Attorneys representing billionaire bond king Bill Gross and his Laguna Beach neighbor continued their feud over noisy music and an art installation Friday with an Orange County Superior Court judge expected to rule next Friday on a request to jail the PIMCO founder.
Gross’ neighbors, Mark Towfiq and his wife, Carol Nakahara, have asked Orange County Superior Court Judge Kimberly Knill to extend a restraining order against Gross and his wife, Amy, for another five years and prohibit them from playing any music outdoors.
Towfiq and Nakahara also want to restrict the height of any umbrella on the Gross’ property to seven feet because they argue the 15-foot one blocks their view of the ocean.
The dispute centers around a call Towfiq and his wife made to police on July 7 alleging the Grosses were violating the restraining order with loud music and shouting.
Towfiq’s attorney, Chase Scolnick, said Gross is so wealthy that any fine would be meaningless to him.
“We know any financial sanctions are not going to have any effect on Mr. Gross,” Scolnick argued. “He’s a man of means.”
However, if he is sentenced to up to five days in jail that would send a message, Scolnick said.
“He will take it seriously,” Scolnick argued. “That this isn’t a game. This is serious.”
Scolnick added that the Grosses “can’t be trusted to police themselves.”
Scolnick showed a cellphone video of Amy Gross that he said showed she was laughing in contempt of the police response to the noise complaint. Even when police advised her they were disturbing the peace she kept shouting, Scolnick argued.
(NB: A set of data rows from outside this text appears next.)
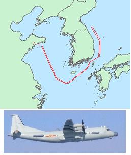 韓国軍合同参謀本部によると、中国軍機は済州島の北西からKADIZに進入し、江原道・江陵東方の上空まで北上後、KADIZを出た。中国軍機のKADIZ進入は今年で6回目となる。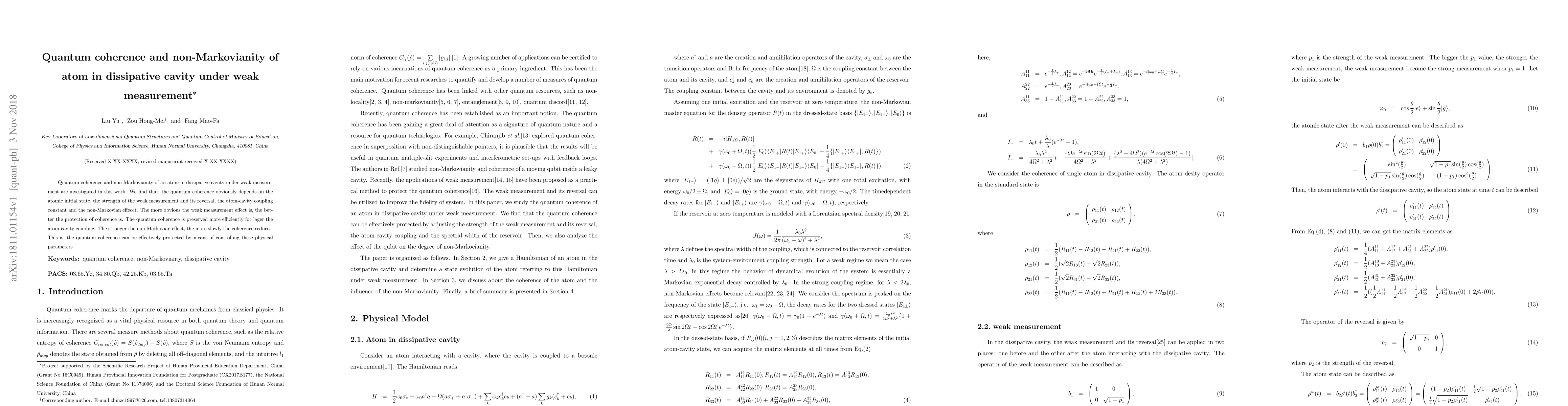 This paper investigates how quantum coherence and non-Markovianity in an atom within a dissipative cavity are influenced by weak measurement, atomic initial state, and coupling strength. It finds that stronger weak measurement and higher atom-cavity coupling preserve coherence better, while stronger non-Markovian effects slow coherence reduction.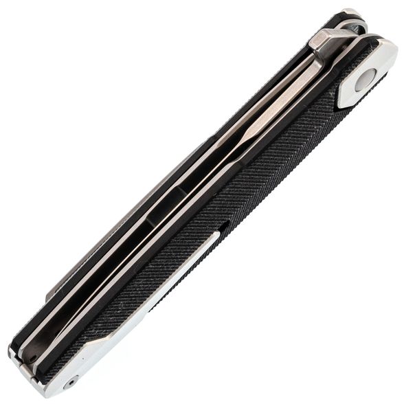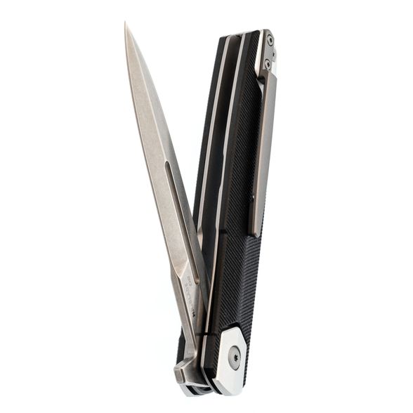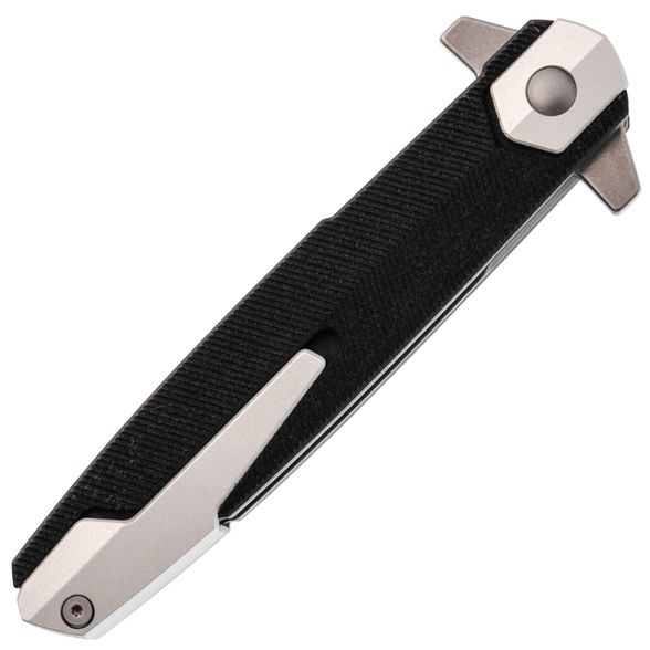 Рукояти выполнены из стеклотекстолита G10. Этот материал известен своей прочностью и неприхотливостью. Его поверхность устойчива к воздействию внешних факторов, а также приятна на ощупь, что обеспечивает дополнительный комфорт в использовании. Прямые линии и острые углы рукояти ассоциируются с эстетикой космоса, однако их геометрия ничуть не умаляет удобства — нож комфортно лежит в руке, не причиняя дискомфорта.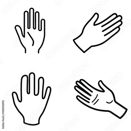 Hand Gesture Line Art Icons, Human Palm Outlines on Transparent Background
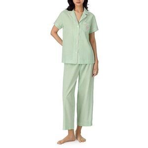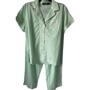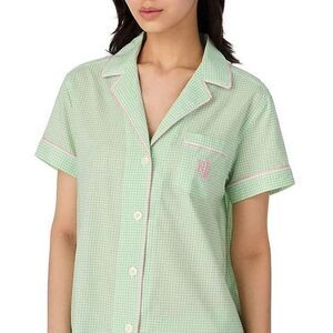 Lauren Ralph LaurenWomen's Notched-Collar Cropped Pajama Set Sz M Green Check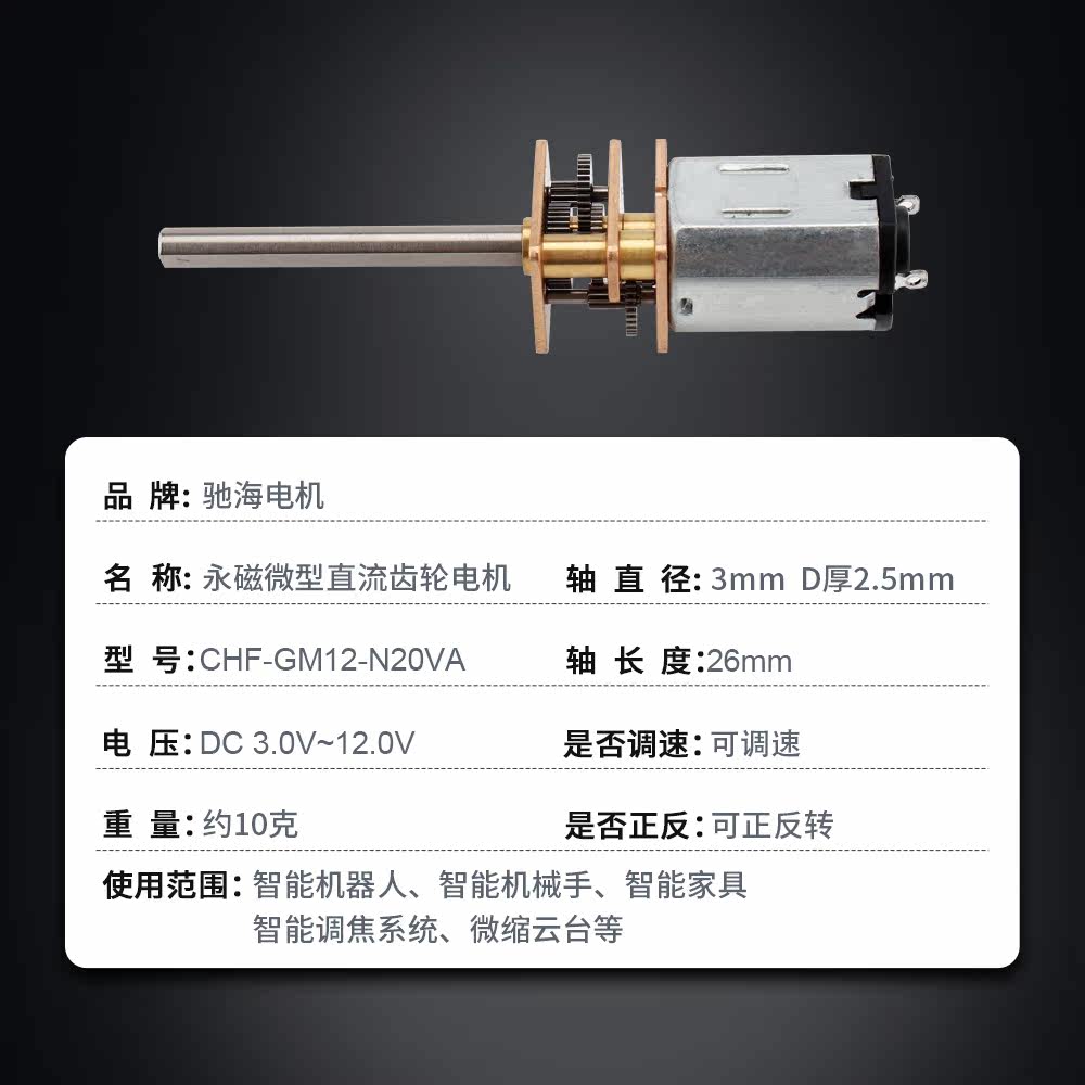 Factory direct GM12N20 DC gear motor intelligent trolley D-axis length 26mm metal gear motor

“She just didn’t care,” he said. “She thinks she is above the law and doesn’t have to comply with a court’s orders.”
Towfiq and Nakahara were “terrified” and “felt powerless” because even the police could not get them to “turn the music down,” Scolnick said.
Scolnick argued that Bill Gross and his wife violated a city noise law and had directed one of their speakers at the bedroom of their neighbors. He argued the music wasn’t turned down until 10:40 p.m., well after the 9 p.m. curfew.
Attorney Patricia Glaser, who represents Gross and his wife, argued that Towfiq filed the contempt of court complaint just to stymie imminent approval from the city of a glass art sculpture.
“He knew this could hold up the permit,” Glaser argued. “He decided to weaponize the restraining order.”
She called it an “abuse of the process.”
Glaser also argued that Towfiq failed to prove her clients exceeded the noise ordinance level because a decibel-level reading was never done on Towfiq’s property as is required for such a complaint.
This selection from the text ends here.